The reader is bound to emerge elevated having partaken of the flavours “of the different attitudes that have characterised interventions of the right in public life”.

With the advantage of having a close view of momentous political developments over the last three decades, having prolifically written about these, and articulated and interpreted their ramifications and unfolding, Swapan Dasgupta’s interpretation of the evolution of the political narrative of the Indian “right”—read nationalists—is both interesting and authentic.

If the author’s aim was “to narrow the apparent mismatch between the Indian right’s political clout and the disdain with which it is viewed in the citadels of intellectual power”, then he has amply succeeded in that effort. India’s right too had its share of intellectuals.

Many of these intellectual giants were deliberately “airbrushed from intellectual imagination”, this volume, through masterstrokes of thoughts, contemplation and interpretations, has revived those airbrushed intellectuals and has again placed them at the centre of our discourse, our intellectual struggle to shape a New India.

The author almost lyrically states his objective of the need for a cultural self-recovery, of a restating of the political thought-world that gave life to the nationalist narrative and then to channelise it to propel the quest for a New India.

He writes, “The themes that preoccupied conservative thinkers quietly resisting colonial encroachments are no doubt important as history. But many of these preoccupations did not die out with the onset of Independence and the recovery of national sovereignty.

"They have persisted as guiding forces in contemporary India. The idea of national resurgence is as important in a globalised 21st-century setting as it was in the India of the mid-19th century. The ideas that drove Indians of an earlier age have persisted in one form or another in shaping contemporary politics. The quest for a New India has invariably involved the rediscovery of an Old India.”

True, it is not a comprehensive documentation of the ideational world of Indian nationalist thought but it gives a wide sweep by including seminal personalities and their key texts and writings.

The selection made from Bankim Chandra, Sri Aurobindo, Ananda Coomaraswamy, Sister Nivedita, Vinayak Damodar Savarkar, to Ramananda Chatterjee, RC Majumdar, RG Bhandarkar, Sardar Patel, Sitaram Goel, NC Chatterjee, Jadunath Sarkar, VS Naipaul, Nirad Chaudhuri, Atal Bihari Vajpayee, LK Advani, Girilal Jain and S Gurumurthy, exactly does that which the author has argued. It demonstrates how the foundational ideas for national resurgence in its many dimensions persisted through the ages and continued to shape discourse to the present times.

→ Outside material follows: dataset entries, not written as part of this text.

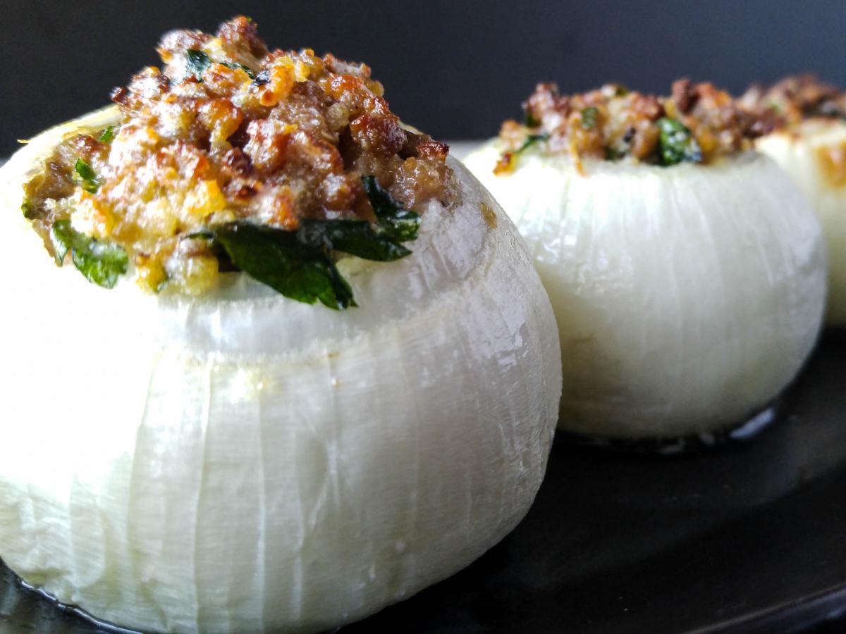 Это блюдо не просто красиво смотрится на тарелке — оно ещё и отлично сочетается почти с любыми основными блюдами, будь то мясо, рыба или овощи. Луковые "чашечки" с аппетитной начинкой из бекона, сыра и хлебных крошек станут ярким акцентом на вашем столе.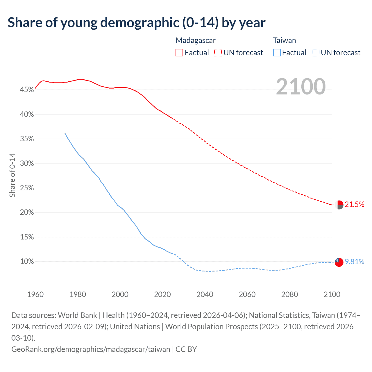 - The share of young demographic (0-15 years old) in Madagascar is 39.3% vs 11.7% in Taiwan.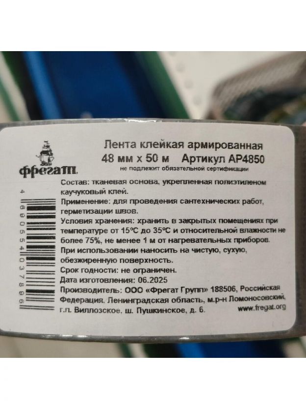 Скотч армированный 48 мм, основа полимерная, 50 м, Фрегат, АР4850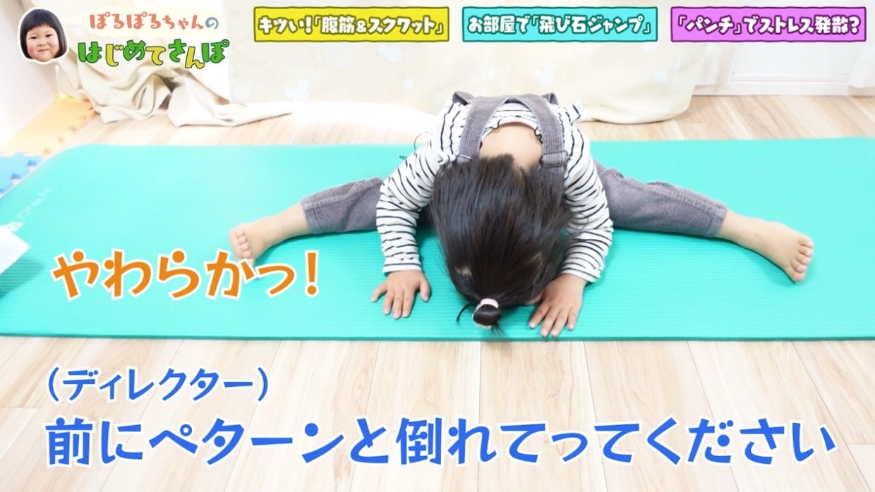 すると、ぽるぽるちゃん見事な開脚前屈!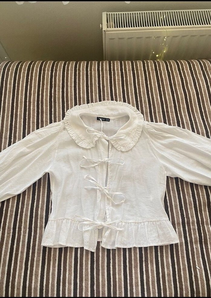 S M uyumlu. Keten kurdele detaylı gömlek, fırfırlı yakalı ve uzun kolludur. Son fotoğrafta gösterdiğim gibi ufak bir defosu var bunun için uyguna satıyorum. Ambar marka.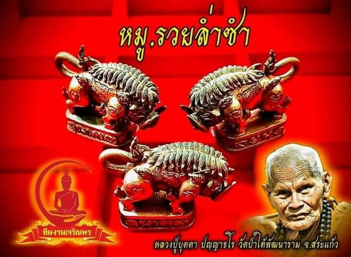 พญาหมูพลิกชะตา รุ่นรวยร่ำซำ หลวงปู่บุดดา วัดป่าใต้พัฒนาราม จ.สระแก้ว. รุ่นรวยล่ำซำ เนื้อทองแดงซาตินอุดผงมวลสารฝังตะกรุดทองฝาบาตร 1 ดอก จำนวนสร้างน้อย มีเพียง 441 องค์เท่านั้น น่าบูชาสุดๆ สวยมาก อนาคตต่อไปจะเป็นพระหลักของหลวงปู่บุดดาแน่นอนครับ ราคายังเบาๆอยู่ครับ เก็บได้รีบเก็บครับ พระหลวงปู่บุดดามีประสบการณ์มากกับผู้ที่แขวนบูชา อนาคตจะเป็นพระหลักของเมืองสระแก้วและภาคตะวันออกแน่นอนครับ โอกาสเป้นของผู้ที่มองเห็นเสมอ รับประกันชั้นหนึ่งครับ |

The author could have included a text from MS Golwalkar, though he does discuss Golwalkar, focusing on his discarded text We, or Our Nationhood Defined.

The essential Golwalkar is to be found beyond that callow tract. One also misses the inclusion of Dharampal, a contemporary of Sitaram Goel and one who was among the most prolific articulators of this quest for a national resurgence. But perhaps these could be included in a sequel that must naturally follow such a volume.

For those who had asked where are the intellectuals of the Indian right, this is a must-read volume. For those who wish to embark on a deeper quest to internalise the essence of the evolution of the narrative of Bharat Mata, this is one work that cannot be ignored or omitted.